Generate and install the index template with:
filebeat export template > filebeat.template.json curl -XPUT -H 'Content-Type: application/json' http://localhost:9200/_template/filebeat-7.0.1 -d@filebeat.template.json
Test Elasticsearch Data Reception
Verify that Elasticsearch is receiving data by running:
curl -X GET localhost:9200/_cat/indices?v
You should see an output similar to:
health status index uuid pri rep docs.count docs.deleted store.size pri.store.size green open .kibana_task_manager_1 fpHT_GhXT3i_w_0Ob1bmrA 1 0 2 0 46.1kb 46.1kb yellow open ssh_auth-2019.11 mtyIxhUFTp65WqVoriFvGA 1 1 15154 0 5.7mb 5.7mb [...]
Add Index on Kibana
Log into your Kibana dashboard and navigate to Index Patterns. Follow these steps illustrated in the screenshots:
Click on Create index pattern.
Enter ssh_auth-* as the index pattern and proceed by clicking the Next button.
Select @timestamp and finalize by clicking Create index pattern.
Access the Discover tab to view your data:
Congratulations! You have successfully set up Filebeat to forward event data to Logstash. You can now utilize Kibana dashboards to visualize and analyze your data efficiently.
Frequently Asked Questions
1. Can I use a different version of Ubuntu?

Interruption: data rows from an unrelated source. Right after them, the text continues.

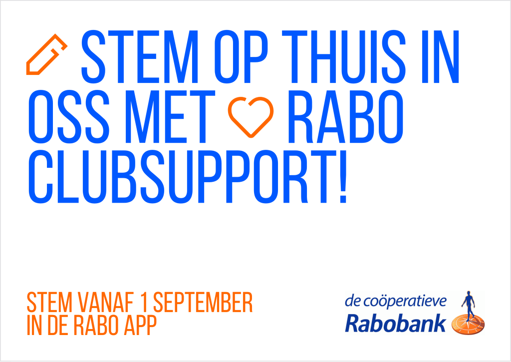 Elk jaar organiseert Rabobank de Rabo ClubSupport actie om clubs en verenigingen een financieel steuntje in de rug te geven. Tijdens de Rabo Clubsupport actie kun je als Rabo-lid stemmen op jouw drie favoriete clubs. Thuis in Oss doet dit jaar ook weer mee met de Rabo Clubsupport actie. Mogen we rekenen op jouw stem? Dat zouden we fantastisch vinden! Stemmen kan van 1 t/m 23 september in de Rabo App of via de website van de Rabobank.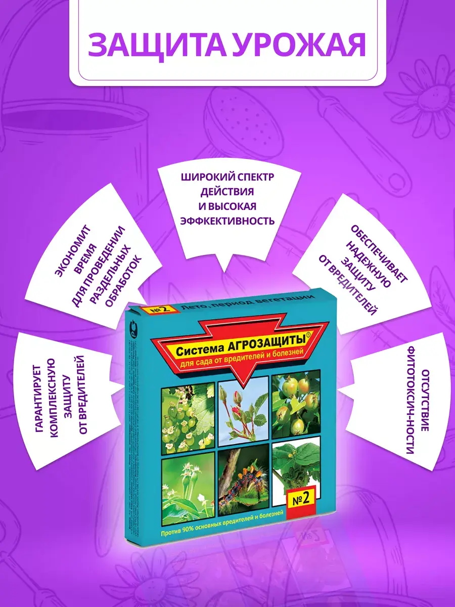 “Система агрозащиты для сада №2” – это комплекс препаратов для надежной защиты садовых растений от насекомых-вредителей и различных болезней в период вегетации. Он состоит из двух средств, которые применяются в виде бинарной смеси для обеспечения комплексной защиты.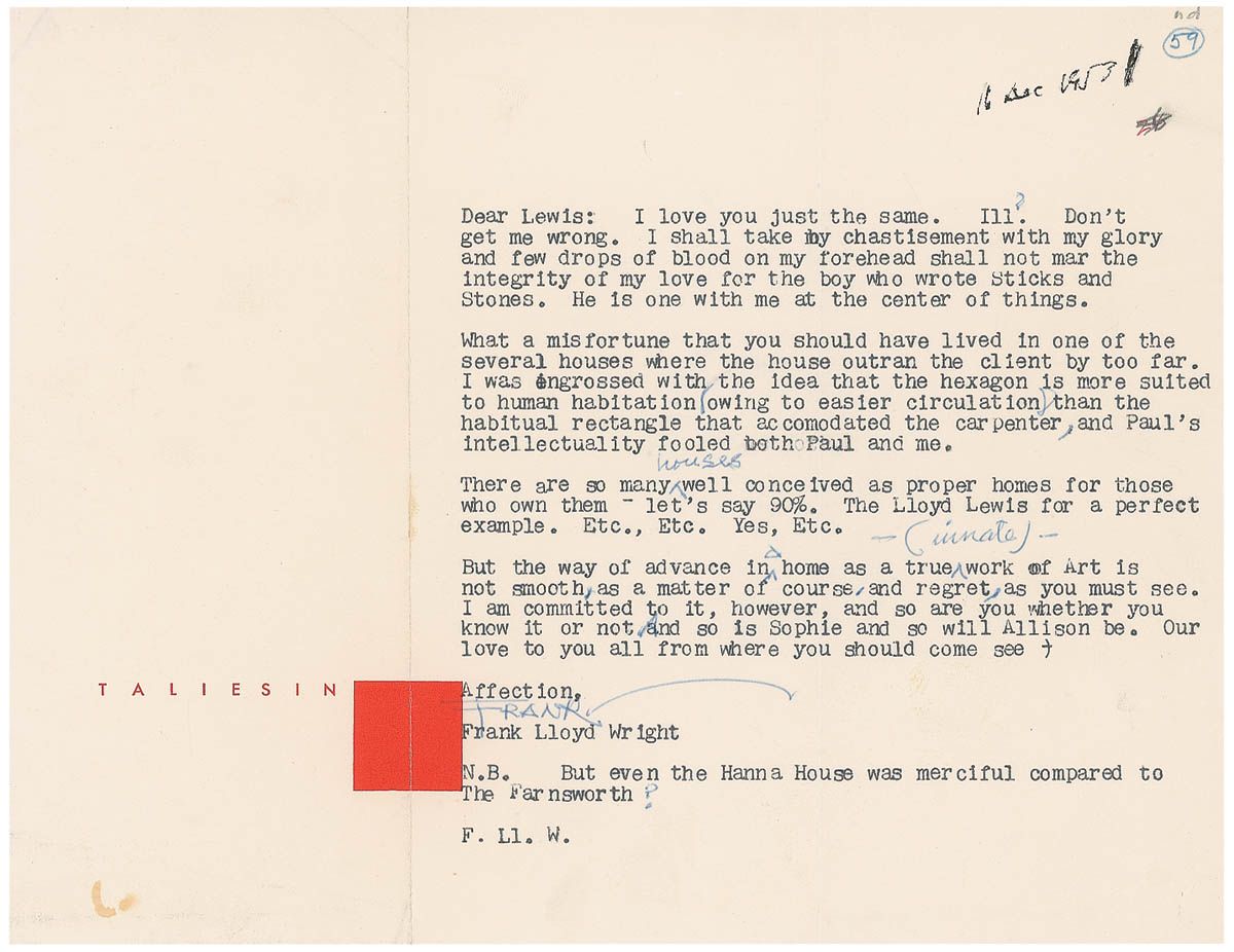 TLS signed “Frank,” one page, 7.25 x 8.5, Taliesin stationery, dated by recipient in the upper left, December 16, 1953. Letter to Lewis Mumford. In full: “I love you just the same. Ill? Don’t get me wrong. I shall take my chastisement with my glory and few drops of blood on my forehead shall not mar the integrity of my love for the boy who wrote Sticks and Stones. He is one with me at the center of things. What a misfortune that you should have lived in one of the several houses where the house outran the client by too far. I was engrossed with the idea that the hexagon is more suited to human habitation (owing to easier circulation) than the habitual rectangle that accommodated the carpenter, and Paul’s intellectuality fooled both Paul and me. There are so many houses well conceived as proper homes for those who own them—let’s say 90%. The Lloyd Lewis for a perfect example. Etc., Etc. Yes. Etc. But the way of advance in a home as a true (innate) work of Art is not smooth, as a matter of course, and regret, as you must see. I am committed to it, however, and so are you whether you know it or not and so is Sophie and so will Allison be. Our love to you all from where you should come see. N.B. But even the Hanna House was merciful compared to The Farnsworth?” Wright hand-corrected a few words, and added a large portion of the punctuation in blue ink. A central vertical fold, spot of soiling to the left border, and original ink and pencil notations, otherwise fine condition.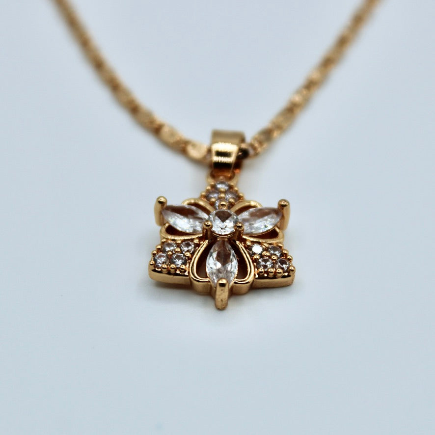 This classy floral pendant necklace is complete with studded cubic zirconia throughout and can be easily paired with both Eastern and Western looks.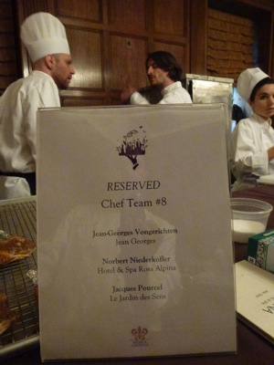 L’équipe numéro 8 était composée de Jean-Georges Vongerichten du restaurant Jean-Georges, Norbert Niederkofler de l’hôtel & Spa Roca Alpina et de Jacques Pourcel du Jardin des Sens.

Yes, while this guide is tailored for Ubuntu 18.04, the steps are generally applicable to other Ubuntu versions and Debian-based systems with minor adjustments. Always ensure you refer to the relevant documentation for any specific differences.
2. Why do we need to configure Filebeat to send data to Logstash instead of Elasticsearch?
Logstash offers additional processing capabilities, allowing you to transform, filter, and enrich data before indexing it in Elasticsearch. This is beneficial if your data processing needs are more complex.
3. How do I troubleshoot if Filebeat is not sending logs?
Firstly, ensure that the Filebeat service is running. Check the Filebeat logs located in /var/log/filebeat. Moreover, validate the connection details to Logstash and Elasticsearch are correctly specified in the configuration files.
4. Can I use Filebeat to monitor other log types?
Yes, Filebeat supports various modules for different log types. Refer to the Filebeat documentation and enable the relevant modules for your specific use case.
5. Can I automate these installation steps?
Absolutely. You can use shell scripts, Ansible, Puppet, or other configuration management tools to automate the setup and configuration of Filebeat.